▸ **DATA PROVIDED**
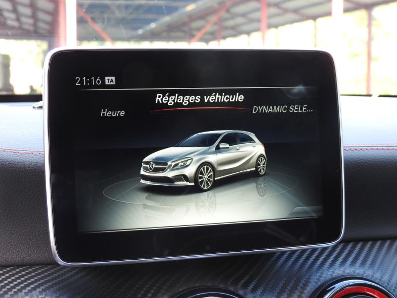 Plus musclée que jamais, la nouvelle Mercedes Classe A 45 AMG (2015) maintient une homologation en cycle mixte à 6,9 litres aux 100 km et des rejets de 162 g de CO2 par km. La Mercedes Classe A 45 AMG 2016 est livrée de série avec les programmes de conduiteDynamic Select « Comfort », « Sport », « Sport + » et « Individual ». *En option, un pack Dynamic Plus AMG regroupe entre autres un différentiel autobloquant mécanique sur l’essieu avant, le châssis sport Ride Control AMG doté d’un amortissement adaptatif et un cinquième mode de conduite au nom évocateur : « Race ».
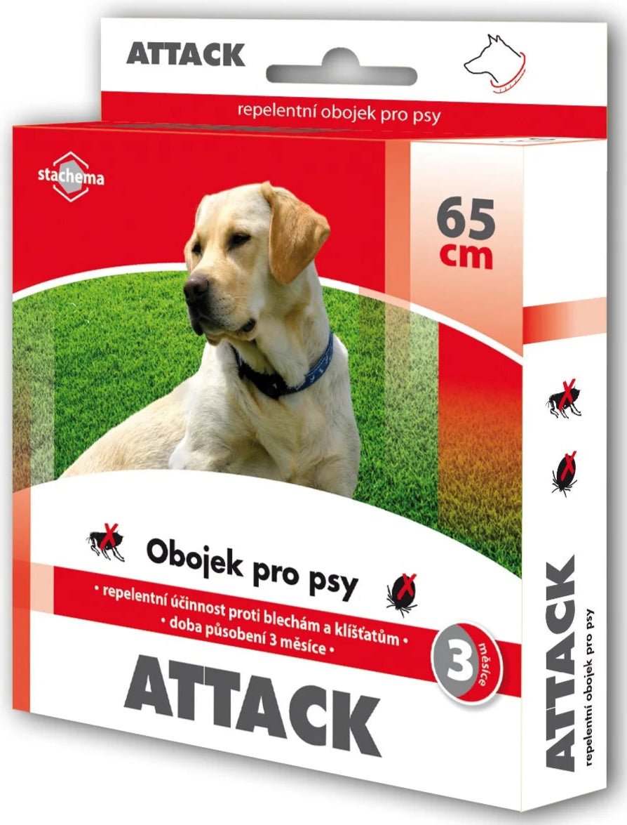 Attack 65 cm – antiparazitární obojek pro psy poskytuje efektivní ochranu proti klíšťatům a blechám po dobu až 3 měsíců. Tento obojek s výraznou repelentní účinností je šetrný k vašemu psu i k životnímu prostředí.
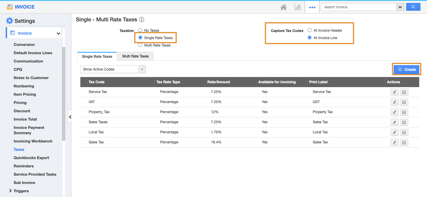 The Invoices allows you to create both Single Rate Taxes and Multi-Rate Taxes.
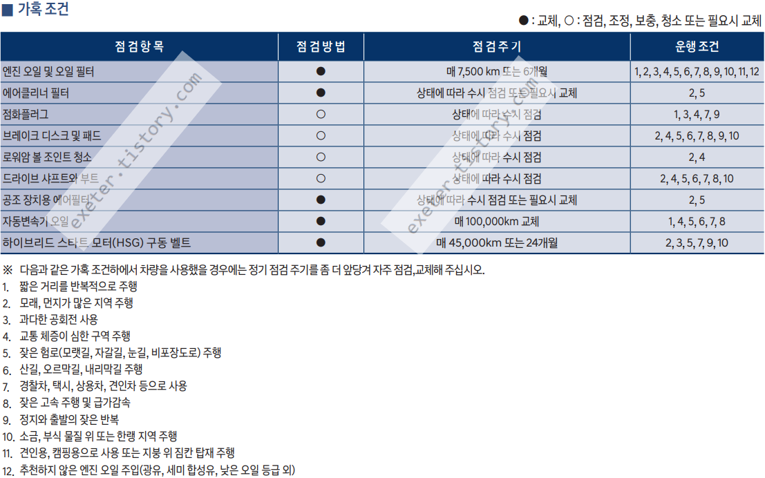 차량 사용 설명서에서는 '가혹 조건'인 경우 교환/점검 주기를 빠르게 가져가도록 안내하고 있습니다.

▸ **ASSIGNMENT**
Reproduce the listing above exactly, but skip the pictures.

▸ **EXERCISE RESULT**
 Plus musclée que jamais, la nouvelle Mercedes Classe A 45 AMG (2015) maintient une homologation en cycle mixte à 6,9 litres aux 100 km et des rejets de 162 g de CO2 par km. La Mercedes Classe A 45 AMG 2016 est livrée de série avec les programmes de conduiteDynamic Select « Comfort », « Sport », « Sport + » et « Individual ». *En option, un pack Dynamic Plus AMG regroupe entre autres un différentiel autobloquant mécanique sur l’essieu avant, le châssis sport Ride Control AMG doté d’un amortissement adaptatif et un cinquième mode de conduite au nom évocateur : « Race ».
 Attack 65 cm – antiparazitární obojek pro psy poskytuje efektivní ochranu proti klíšťatům a blechám po dobu až 3 měsíců. Tento obojek s výraznou repelentní účinností je šetrný k vašemu psu i k životnímu prostředí.
 The Invoices allows you to create both Single Rate Taxes and Multi-Rate Taxes.
 차량 사용 설명서에서는 '가혹 조건'인 경우 교환/점검 주기를 빠르게 가져가도록 안내하고 있습니다.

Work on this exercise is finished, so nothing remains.